If you don't want to dive into the arcane details of metallurgy, that's fine. Just talk with people like us here about what good values particular knives are.

I think there is a lot to like about Forschner/Victorinox at their price point.

I think Wusthof/Henkels are overpriced and too thick. Tojohiro, MAC are better values at those prices. The Wusthof Ikon line is OK, and so on.

Personal preference enters into it too. I don't like bolsters generally, but particularly dropped bolsters. They complicate sharpening and cutting unnecessarily. I prefer the flatter French/Japanese cutting profile compared to the curvier German. These aren't about right and wrong, just what you prefer.
Basically, the difference is stamped or forged, material used, and who and how much the manufacturer pays professionals to use their knives. It's the same with pots and pans. They have to make up the cost of stocking all those cooking shows with All-Clad free-fer-nuthin.
...Look at the knives that butchers and other professionals use to make their living. In this country, the common choice seems to be Dexter Russell. https://dexter1818.com/...
Their factory/outlet is only 7 miles from our house. I've bought several knives from the outlet store and have been happy with the quality.

The outlet was closed during Covid, then reopened "Saturdays only" as life returned to normal. I see that they open on Thursday evenings again. I just might have to take a look-see one more time before we leave this area.
While it's true that some knife are more expensive because they have to pay for advertising expenses such as endorsements or giveaways to TV shows, it's also true that some types of knives are more expensive to make. Some steels, designs, handle materials and hand working drive up the prices.
This is an area where I have a very lot of experience. The best kitchen knives are made in Japan. No question. They are better because the blades are thin and hard.
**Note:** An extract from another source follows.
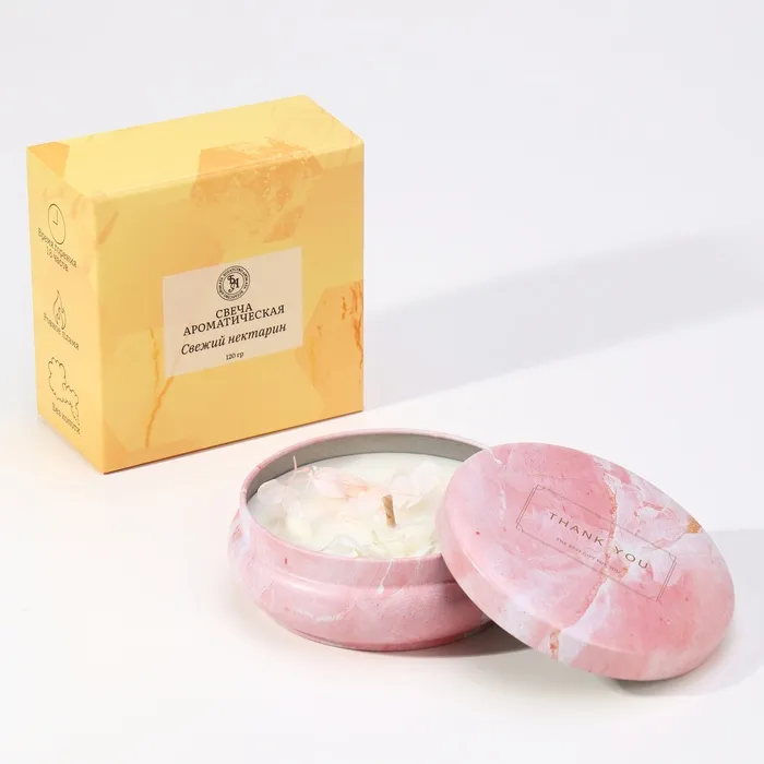 Свеча ароматическая из соевого воска с сухоцветом "Свежий нектарин", 3х8,5 см, 110 г — Характеристики
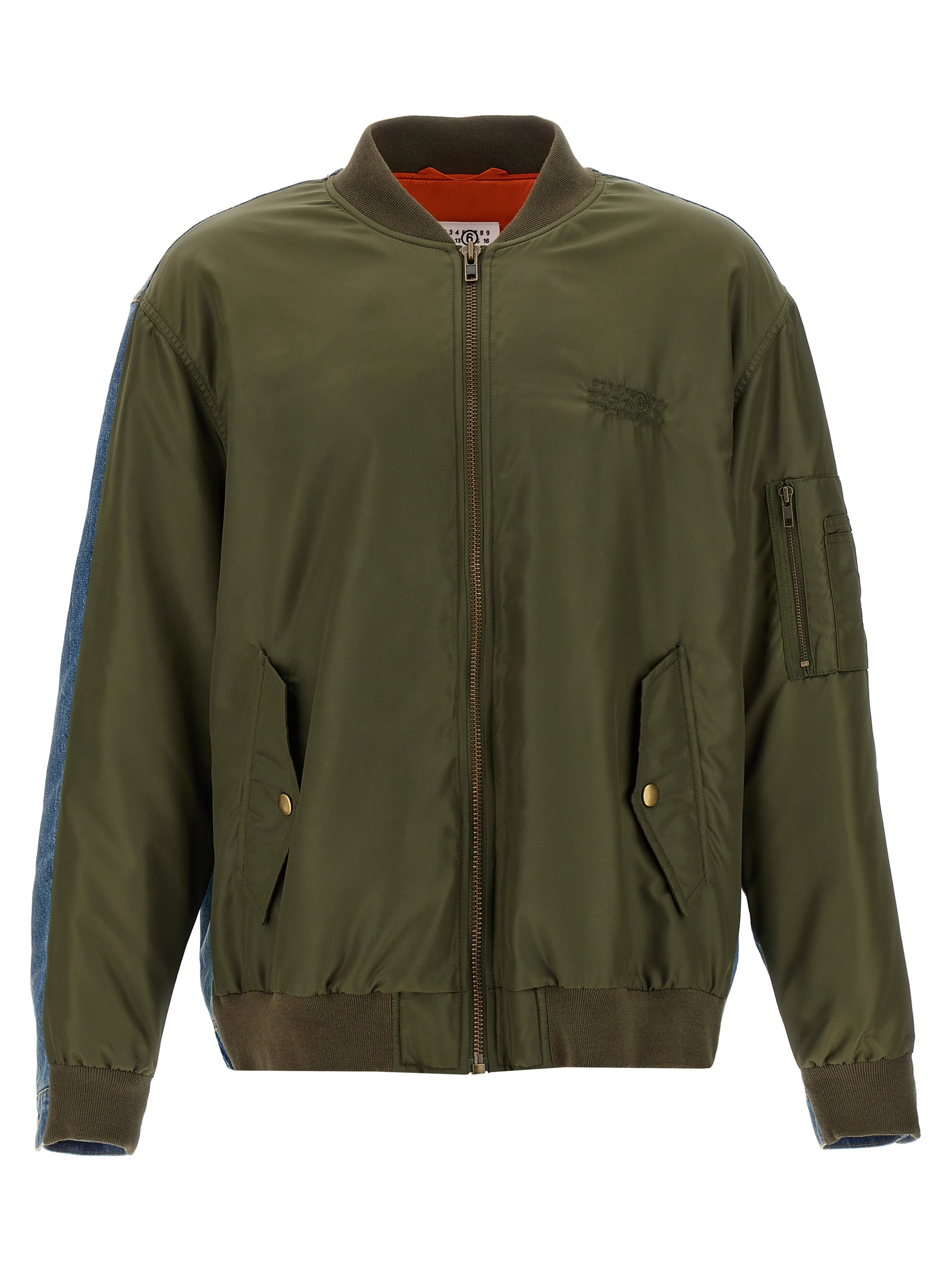 Two-material bomber jacket in nylon and used-effect cotton denim with lining, front ‘Numeric signature MM6’ embroidery, zip closure, pockets, back ‘White stitch line’, long sleeves with cuffs.

They cut better because of the thin blades and cut longer without the edges folding over longer because they are harder than the knives made elsewhere. lt is not uncommon to find Japanese knives hardened to RC60 or more.

Sadly they are expensive. In my view every cook should have a Japanese gyuto (chef knife) in either carbon or stainless steel. You can save money on the other knives but for the main knife - the chef knife - it is worth investing in a fine Japanese model. If it is advertised on TV, you should probably avoid it.